Problem description: Print the lines in the listing below starting at the line with "Actualising his vision and ideas." and ending at the line with "Blitz (Fourth round): Viswanathan", both included. Reproduce them exactly and omit every picture.

Extracted records:
-- Opening Marker --

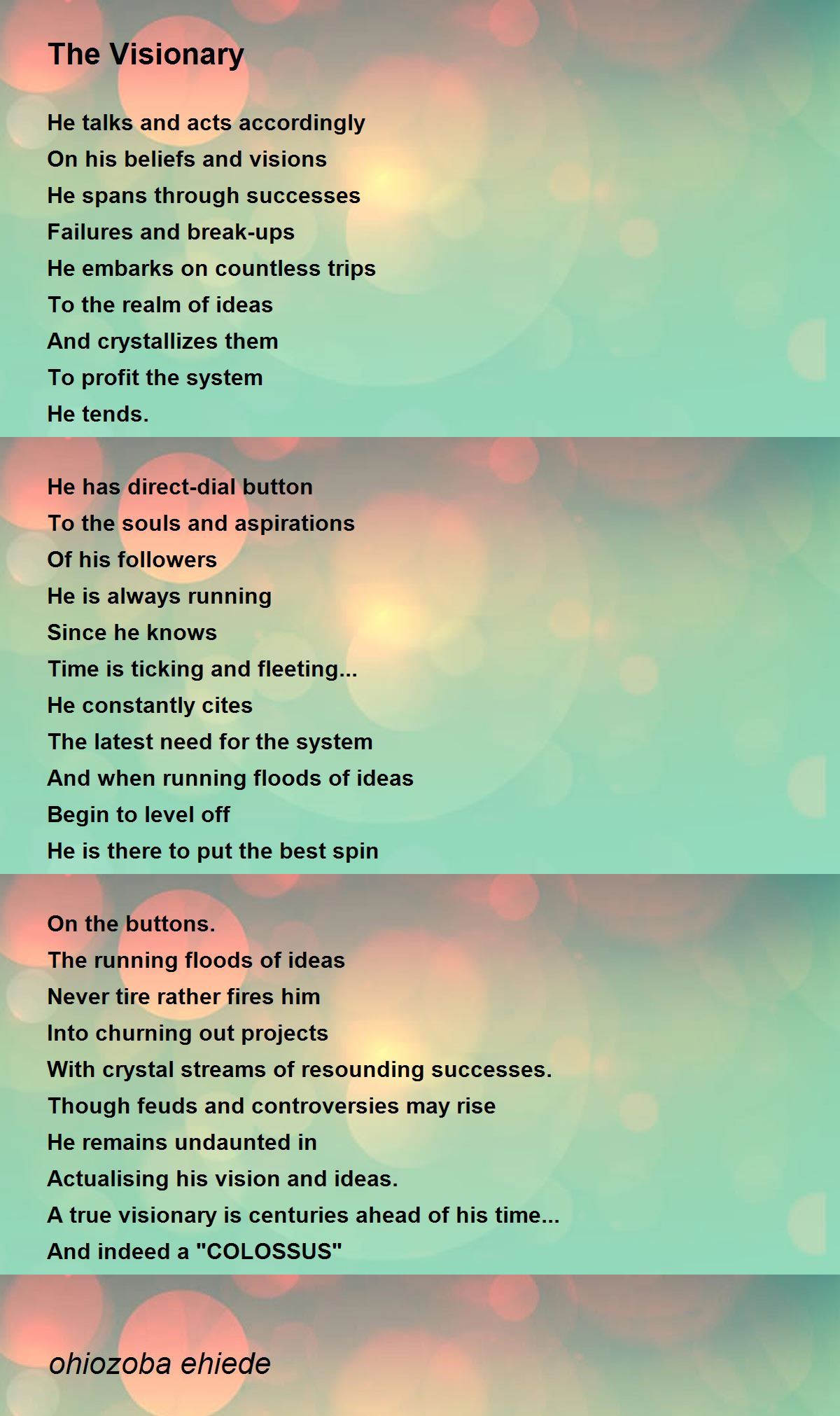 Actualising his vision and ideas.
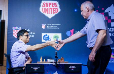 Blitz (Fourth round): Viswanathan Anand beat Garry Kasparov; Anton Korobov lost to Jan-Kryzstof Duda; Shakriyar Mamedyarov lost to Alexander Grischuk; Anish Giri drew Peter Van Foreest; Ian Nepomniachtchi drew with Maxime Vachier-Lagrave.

-- Closing Marker --
-- Opening Marker --

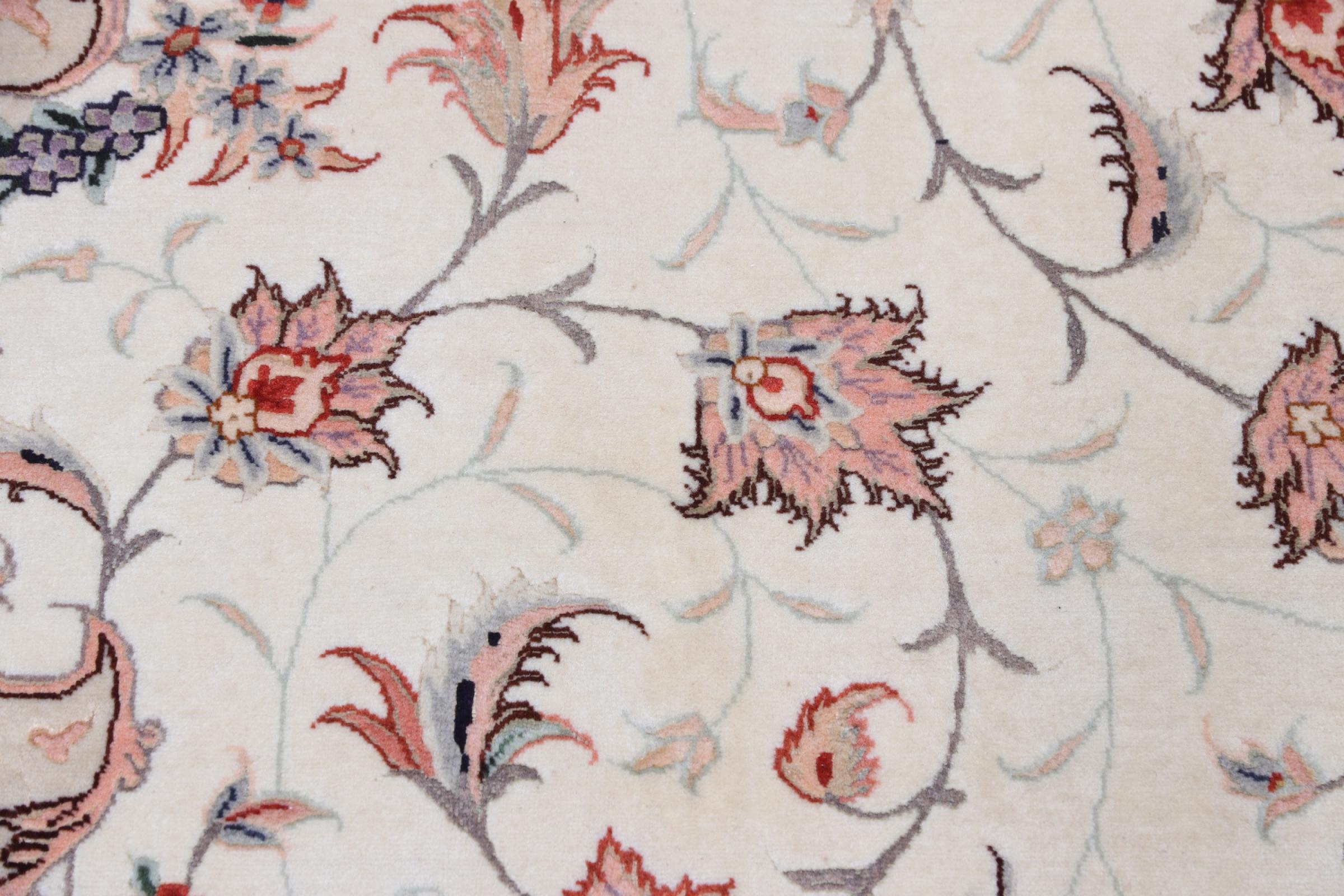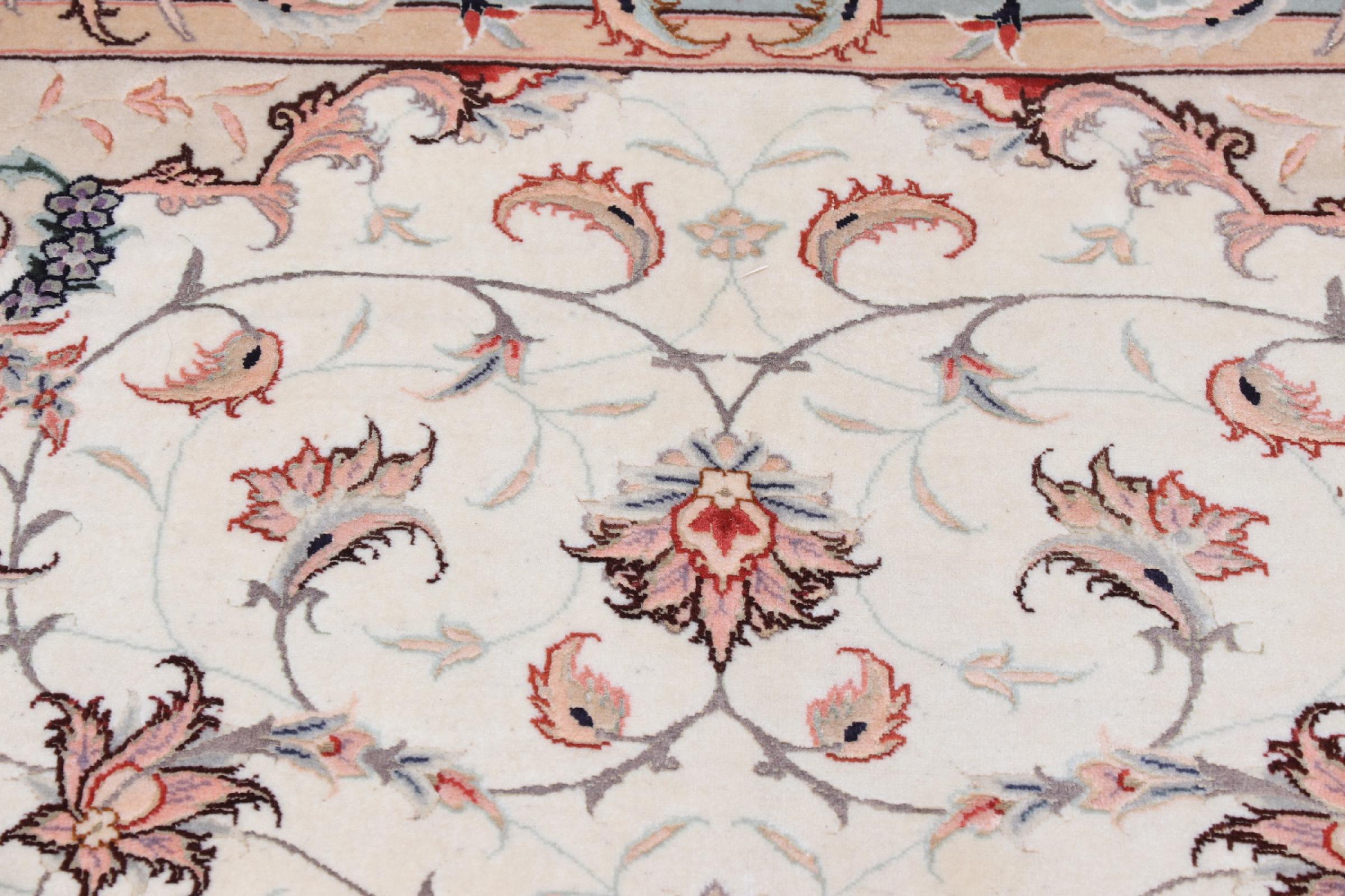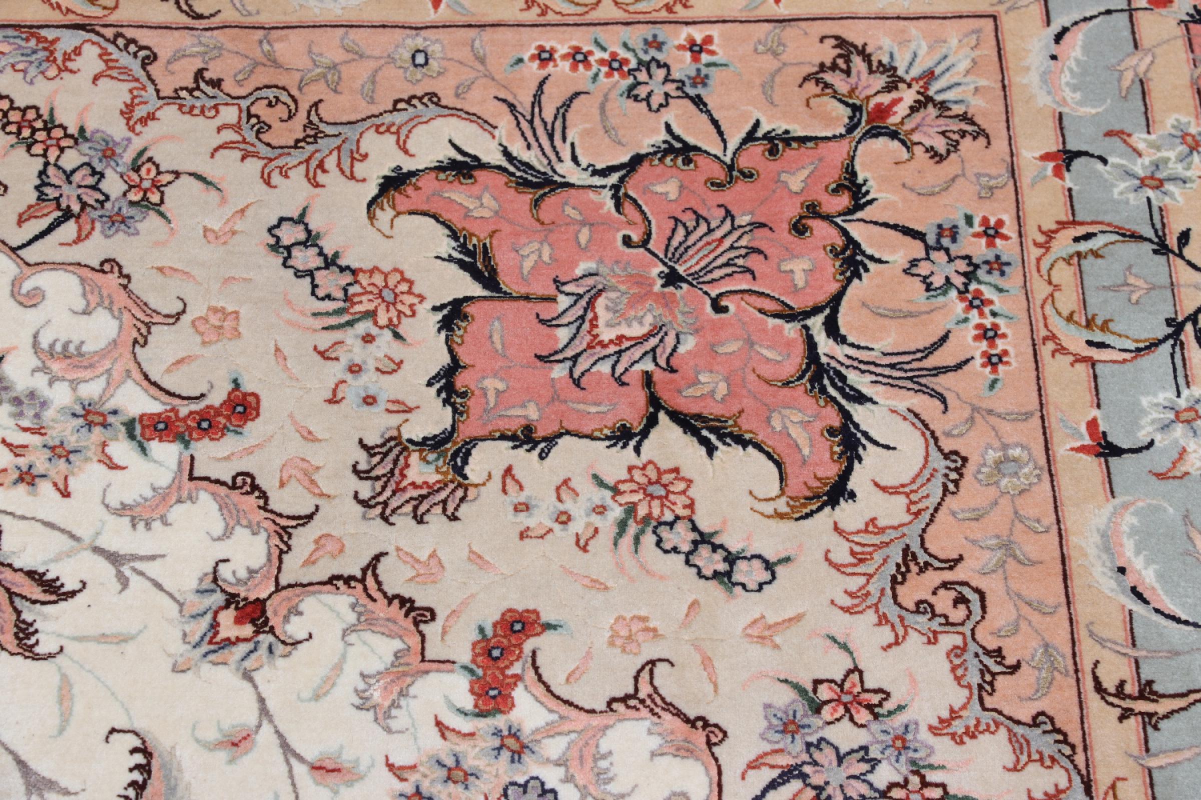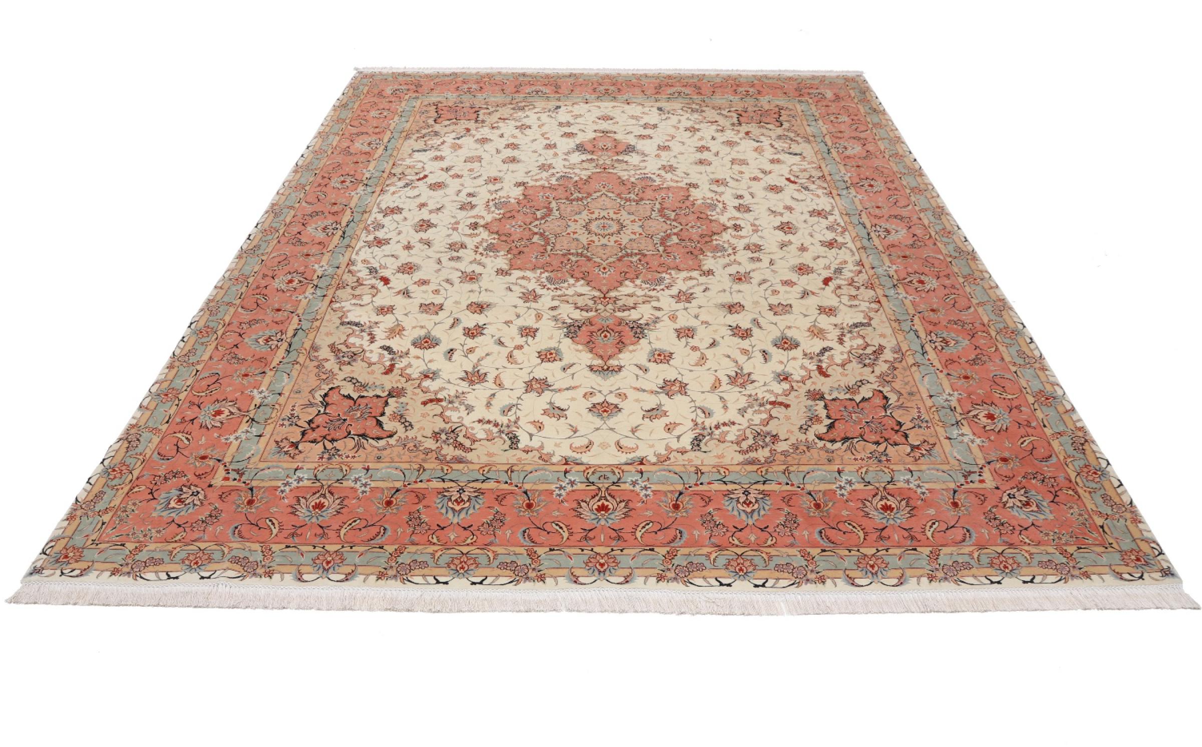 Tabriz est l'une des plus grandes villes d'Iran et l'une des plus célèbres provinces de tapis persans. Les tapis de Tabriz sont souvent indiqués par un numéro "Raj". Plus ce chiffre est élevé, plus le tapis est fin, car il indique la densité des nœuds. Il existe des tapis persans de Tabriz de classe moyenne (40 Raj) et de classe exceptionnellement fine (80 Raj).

-- Closing Marker --

Answer to this problem:
 Actualising his vision and ideas.
 Blitz (Fourth round): Viswanathan Anand beat Garry Kasparov; Anton Korobov lost to Jan-Kryzstof Duda; Shakriyar Mamedyarov lost to Alexander Grischuk; Anish Giri drew Peter Van Foreest; Ian Nepomniachtchi drew with Maxime Vachier-Lagrave.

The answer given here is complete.